→ To do
The data below contains pictures, which are to be skipped; the lines starting at the line with "消化については、なかなか実物" and ending at the line with "U prostorijama Hrvatske" are to be output exactly, both ends included.

→ Data for the task
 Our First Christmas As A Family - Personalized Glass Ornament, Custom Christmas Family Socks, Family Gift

...

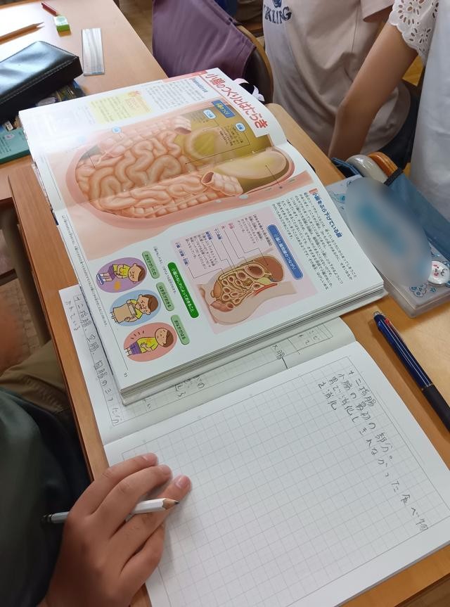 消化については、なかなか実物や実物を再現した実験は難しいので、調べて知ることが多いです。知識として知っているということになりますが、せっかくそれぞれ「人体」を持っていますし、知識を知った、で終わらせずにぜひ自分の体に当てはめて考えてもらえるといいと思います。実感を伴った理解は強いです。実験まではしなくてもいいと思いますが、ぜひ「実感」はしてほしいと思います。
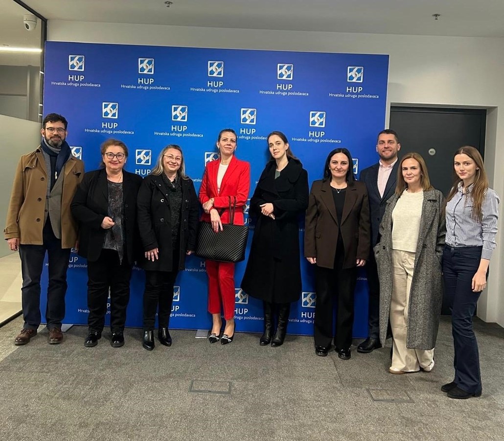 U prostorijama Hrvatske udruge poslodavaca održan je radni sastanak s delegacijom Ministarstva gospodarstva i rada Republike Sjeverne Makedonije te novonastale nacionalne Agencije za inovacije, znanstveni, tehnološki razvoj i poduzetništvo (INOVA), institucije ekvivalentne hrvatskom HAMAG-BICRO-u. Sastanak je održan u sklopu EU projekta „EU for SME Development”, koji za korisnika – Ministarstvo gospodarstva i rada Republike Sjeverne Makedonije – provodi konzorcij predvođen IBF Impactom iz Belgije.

→ Task solution
 消化については、なかなか実物や実物を再現した実験は難しいので、調べて知ることが多いです。知識として知っているということになりますが、せっかくそれぞれ「人体」を持っていますし、知識を知った、で終わらせずにぜひ自分の体に当てはめて考えてもらえるといいと思います。実感を伴った理解は強いです。実験まではしなくてもいいと思いますが、ぜひ「実感」はしてほしいと思います。
 U prostorijama Hrvatske udruge poslodavaca održan je radni sastanak s delegacijom Ministarstva gospodarstva i rada Republike Sjeverne Makedonije te novonastale nacionalne Agencije za inovacije, znanstveni, tehnološki razvoj i poduzetništvo (INOVA), institucije ekvivalentne hrvatskom HAMAG-BICRO-u. Sastanak je održan u sklopu EU projekta „EU for SME Development”, koji za korisnika – Ministarstvo gospodarstva i rada Republike Sjeverne Makedonije – provodi konzorcij predvođen IBF Impactom iz Belgije.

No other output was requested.